_Problem to work on_.
Write every line of the material again exactly, with no pictures in the copy.

_Given material_.
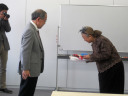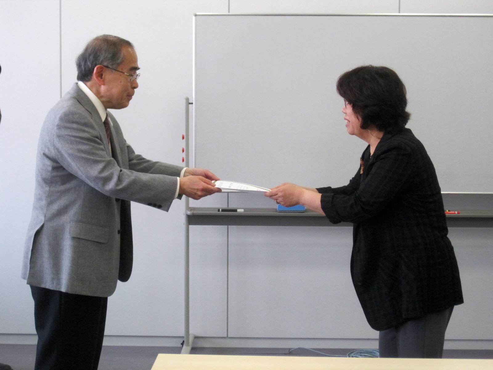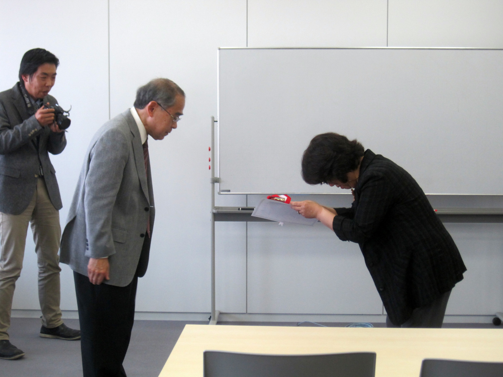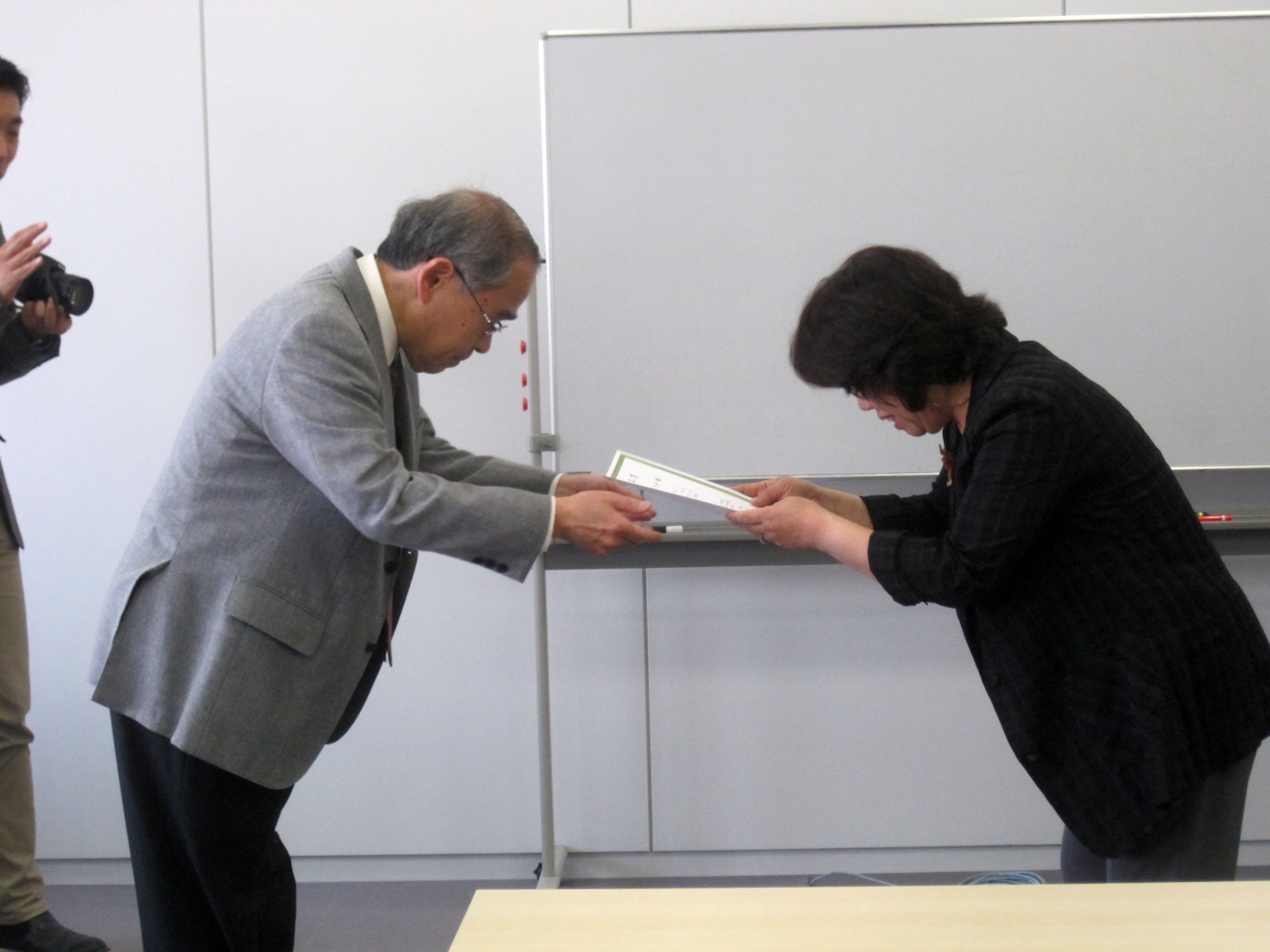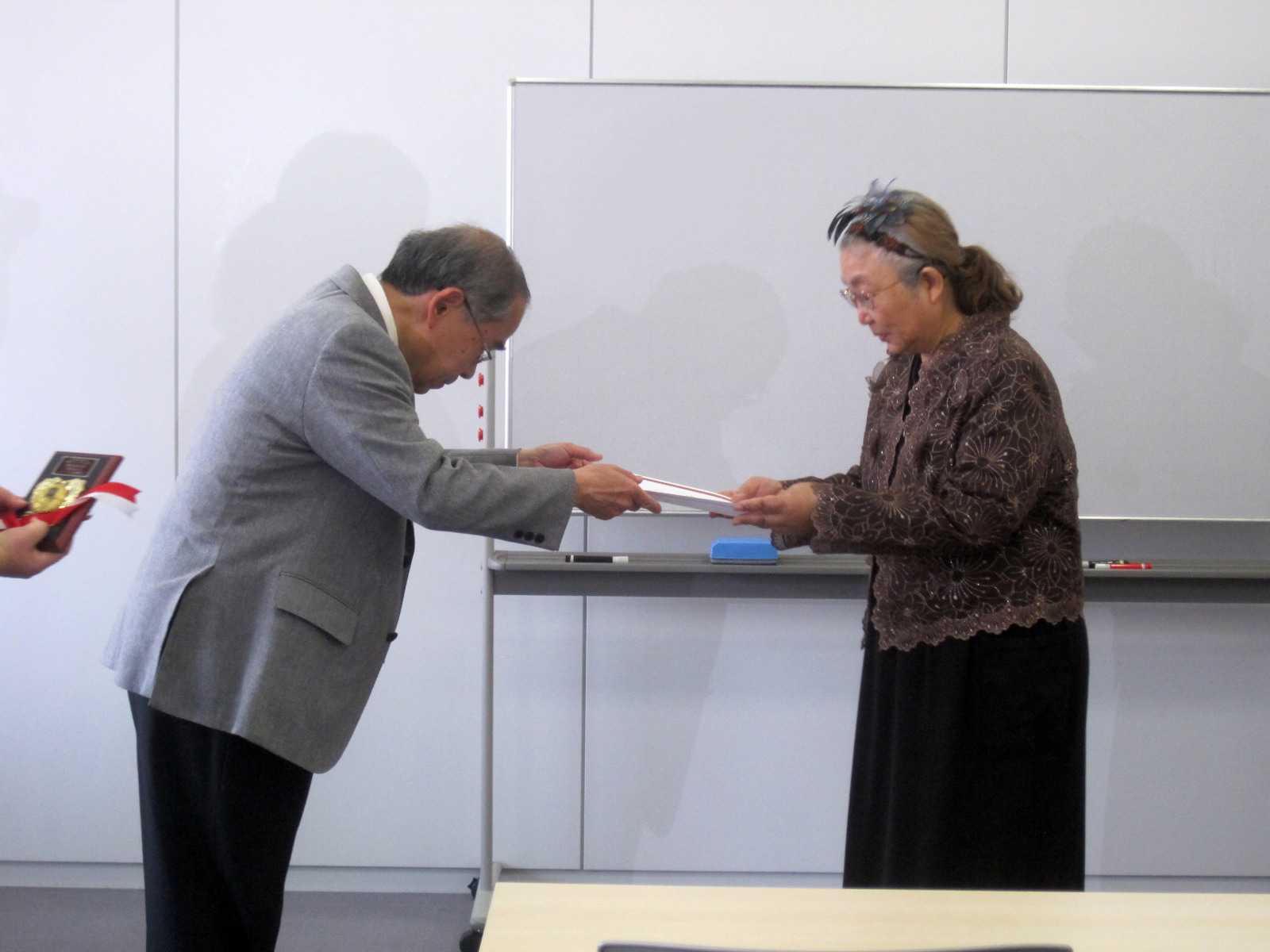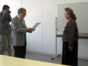 大槻は司会で・・・授与は,大学コンソーシアム岡山運営委員長の加藤先生
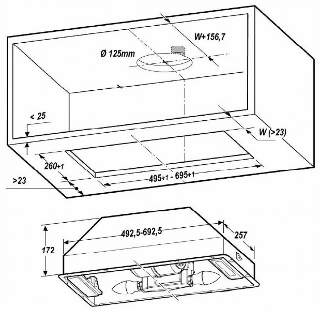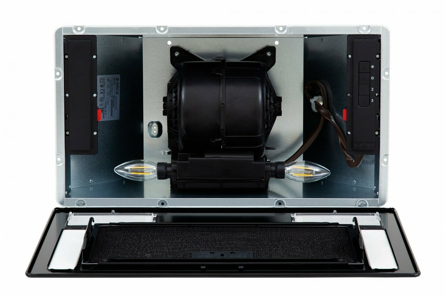 жиропоглощающий фильтр алюминиевый; класс энергоэффективности D; цветовая температура 2700 К; расстояние до газовой варочной поверхности 65 см; расстояние до электрической варочной поверхности 60 см; сетевой кабель без вилки; оборудование для работы в режиме рециркуляции приобретается отдельно, тип угольного фильтра: CFC0141571
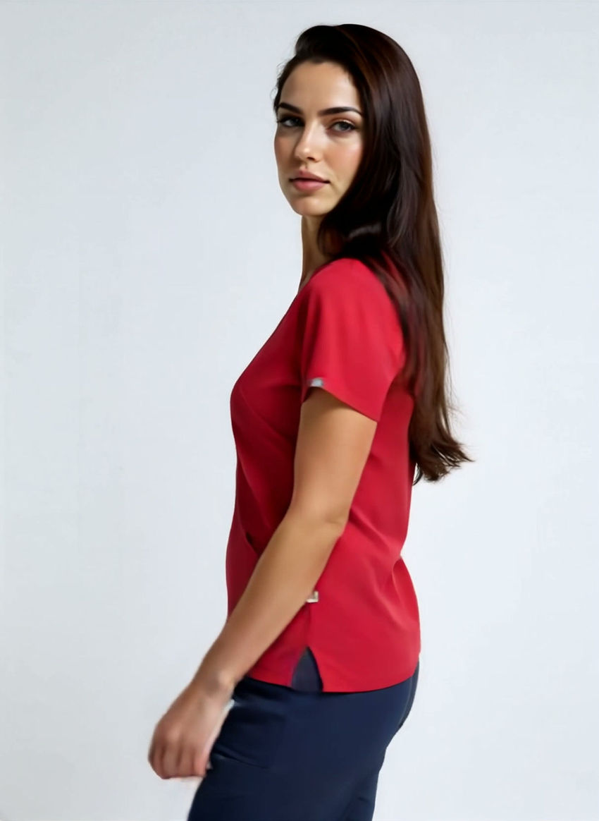 La filipina en color rojo carmín tiene un corte semi-entallado, ideal para favorecer la figura manteniendo la libertad de movimiento. Su cuello en “V” suave, costuras anatómicas y tela flexible permiten realizar actividades dinámicas del día a día, como agacharse, cargar materiales o interactuar con niñas y niños. Cuenta con bolsillos frontales funcionales para guardar artículos de uso frecuente como llaves, plumones, identificaciones o pañuelos.

_Response to the task_.
 大槻は司会で・・・授与は,大学コンソーシアム岡山運営委員長の加藤先生
 жиропоглощающий фильтр алюминиевый; класс энергоэффективности D; цветовая температура 2700 К; расстояние до газовой варочной поверхности 65 см; расстояние до электрической варочной поверхности 60 см; сетевой кабель без вилки; оборудование для работы в режиме рециркуляции приобретается отдельно, тип угольного фильтра: CFC0141571
 La filipina en color rojo carmín tiene un corte semi-entallado, ideal para favorecer la figura manteniendo la libertad de movimiento. Su cuello en “V” suave, costuras anatómicas y tela flexible permiten realizar actividades dinámicas del día a día, como agacharse, cargar materiales o interactuar con niñas y niños. Cuenta con bolsillos frontales funcionales para guardar artículos de uso frecuente como llaves, plumones, identificaciones o pañuelos.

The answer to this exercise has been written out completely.